*WORK REQUEST*: Copy the listing that follows exactly. Its pictures do not belong in the copy.

(THE DATA begins)

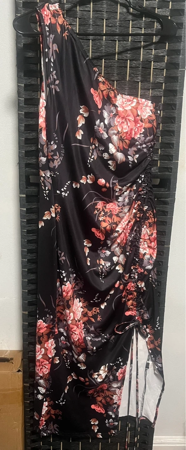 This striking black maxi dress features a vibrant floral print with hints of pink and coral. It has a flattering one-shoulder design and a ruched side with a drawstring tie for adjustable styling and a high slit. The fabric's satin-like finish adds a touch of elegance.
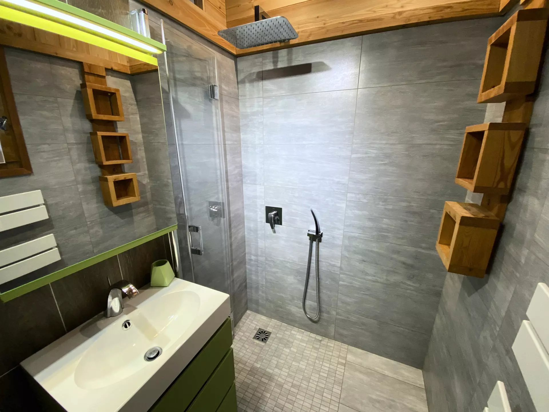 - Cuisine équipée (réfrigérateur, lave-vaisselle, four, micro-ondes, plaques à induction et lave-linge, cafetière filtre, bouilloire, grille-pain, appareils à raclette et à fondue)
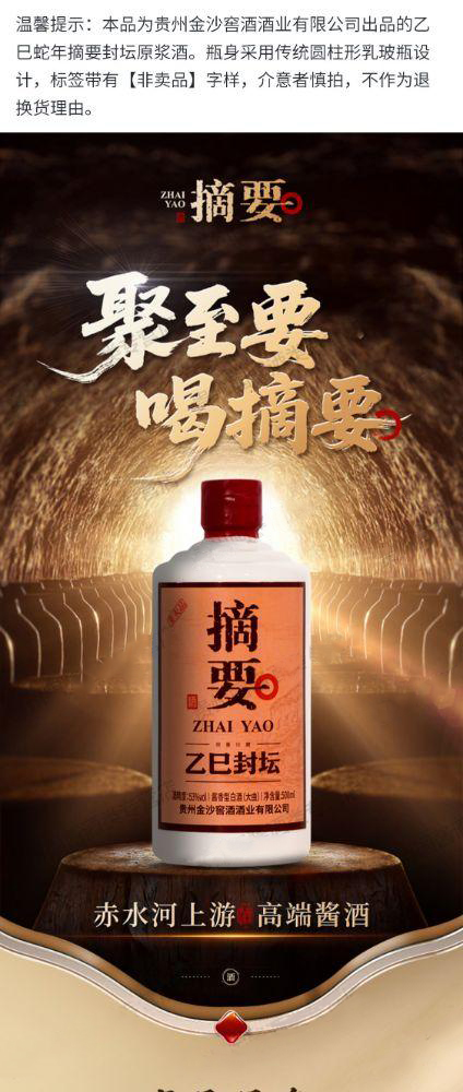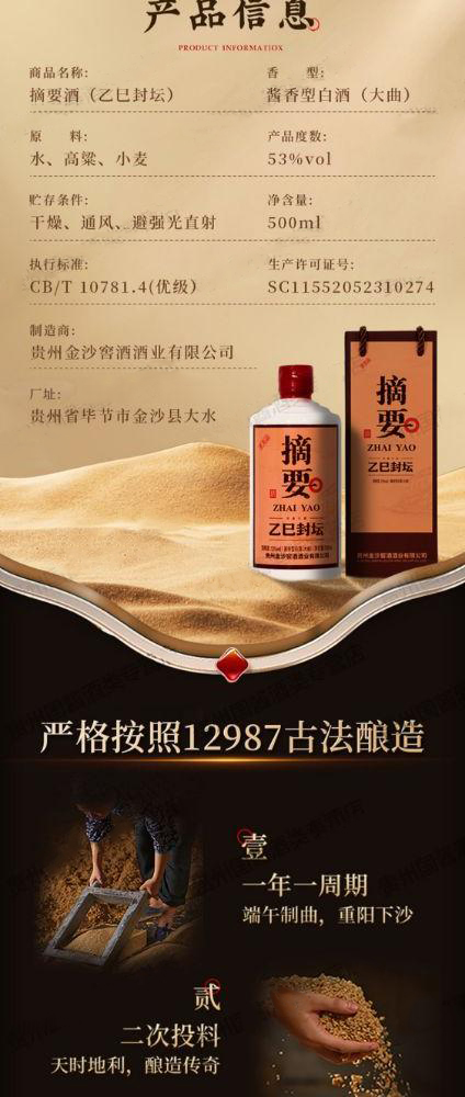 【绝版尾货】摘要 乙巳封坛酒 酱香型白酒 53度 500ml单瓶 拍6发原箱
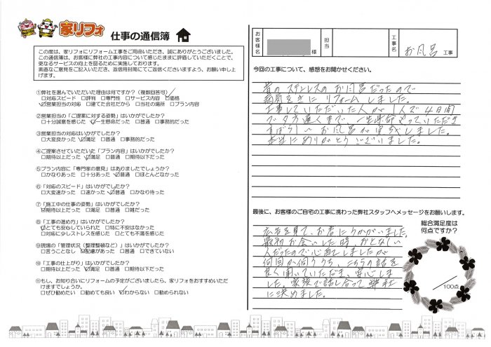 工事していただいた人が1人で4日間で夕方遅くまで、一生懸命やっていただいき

(THE DATA ends)

*SOLUTION FOR THIS TASK*:
 This striking black maxi dress features a vibrant floral print with hints of pink and coral. It has a flattering one-shoulder design and a ruched side with a drawstring tie for adjustable styling and a high slit. The fabric's satin-like finish adds a touch of elegance.
 - Cuisine équipée (réfrigérateur, lave-vaisselle, four, micro-ondes, plaques à induction et lave-linge, cafetière filtre, bouilloire, grille-pain, appareils à raclette et à fondue)
 【绝版尾货】摘要 乙巳封坛酒 酱香型白酒 53度 500ml单瓶 拍6发原箱
 工事していただいた人が1人で4日間で夕方遅くまで、一生懸命やっていただいき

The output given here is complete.